> Instructions to follow
Repeat nothing but the lines below running from the one containing "Ảnh anime cho" to the one containing "良く判らないですが、危険と判断しました。 大丈夫な事もありますが…精神的によろしく無いので… |". Keep both end lines.

> Information shown

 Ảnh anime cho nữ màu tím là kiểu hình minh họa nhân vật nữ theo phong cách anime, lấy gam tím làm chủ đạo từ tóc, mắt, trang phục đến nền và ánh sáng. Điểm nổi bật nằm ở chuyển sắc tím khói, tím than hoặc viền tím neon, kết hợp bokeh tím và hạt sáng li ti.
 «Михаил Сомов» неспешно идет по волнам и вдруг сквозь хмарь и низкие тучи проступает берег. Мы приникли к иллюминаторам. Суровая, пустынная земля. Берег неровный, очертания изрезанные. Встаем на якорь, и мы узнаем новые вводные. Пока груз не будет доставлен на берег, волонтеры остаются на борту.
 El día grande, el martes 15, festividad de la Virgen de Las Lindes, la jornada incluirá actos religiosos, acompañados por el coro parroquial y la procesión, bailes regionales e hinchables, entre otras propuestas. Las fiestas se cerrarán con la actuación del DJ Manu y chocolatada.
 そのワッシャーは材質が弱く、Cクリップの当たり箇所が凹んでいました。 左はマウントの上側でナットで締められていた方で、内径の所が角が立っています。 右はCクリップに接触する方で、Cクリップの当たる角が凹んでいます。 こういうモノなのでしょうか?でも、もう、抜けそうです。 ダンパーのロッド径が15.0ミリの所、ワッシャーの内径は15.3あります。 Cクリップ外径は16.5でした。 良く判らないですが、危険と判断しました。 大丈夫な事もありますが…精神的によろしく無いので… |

* * *

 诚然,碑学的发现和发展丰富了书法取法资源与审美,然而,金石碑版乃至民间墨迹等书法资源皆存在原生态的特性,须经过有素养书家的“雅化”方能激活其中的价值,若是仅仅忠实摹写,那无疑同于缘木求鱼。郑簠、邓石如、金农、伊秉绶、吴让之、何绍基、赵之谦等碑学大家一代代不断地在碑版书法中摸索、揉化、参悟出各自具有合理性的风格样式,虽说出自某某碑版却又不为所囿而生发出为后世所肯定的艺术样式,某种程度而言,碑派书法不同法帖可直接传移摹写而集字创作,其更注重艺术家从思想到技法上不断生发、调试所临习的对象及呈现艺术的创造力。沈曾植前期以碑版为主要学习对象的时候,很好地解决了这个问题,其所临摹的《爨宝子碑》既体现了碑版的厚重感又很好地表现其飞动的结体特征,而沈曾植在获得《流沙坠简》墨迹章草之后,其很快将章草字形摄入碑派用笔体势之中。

...

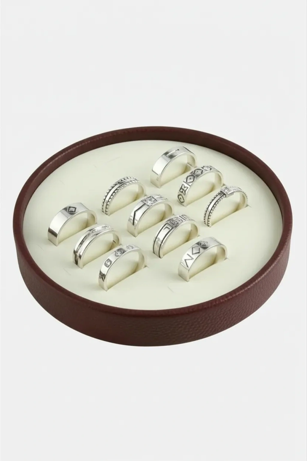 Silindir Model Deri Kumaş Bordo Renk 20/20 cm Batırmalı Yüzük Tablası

> Written answer
 Ảnh anime cho nữ màu tím là kiểu hình minh họa nhân vật nữ theo phong cách anime, lấy gam tím làm chủ đạo từ tóc, mắt, trang phục đến nền và ánh sáng. Điểm nổi bật nằm ở chuyển sắc tím khói, tím than hoặc viền tím neon, kết hợp bokeh tím và hạt sáng li ti.
 «Михаил Сомов» неспешно идет по волнам и вдруг сквозь хмарь и низкие тучи проступает берег. Мы приникли к иллюминаторам. Суровая, пустынная земля. Берег неровный, очертания изрезанные. Встаем на якорь, и мы узнаем новые вводные. Пока груз не будет доставлен на берег, волонтеры остаются на борту.
 El día grande, el martes 15, festividad de la Virgen de Las Lindes, la jornada incluirá actos religiosos, acompañados por el coro parroquial y la procesión, bailes regionales e hinchables, entre otras propuestas. Las fiestas se cerrarán con la actuación del DJ Manu y chocolatada.
 そのワッシャーは材質が弱く、Cクリップの当たり箇所が凹んでいました。 左はマウントの上側でナットで締められていた方で、内径の所が角が立っています。 右はCクリップに接触する方で、Cクリップの当たる角が凹んでいます。 こういうモノなのでしょうか?でも、もう、抜けそうです。 ダンパーのロッド径が15.0ミリの所、ワッシャーの内径は15.3あります。 Cクリップ外径は16.5でした。 良く判らないですが、危険と判断しました。 大丈夫な事もありますが…精神的によろしく無いので… |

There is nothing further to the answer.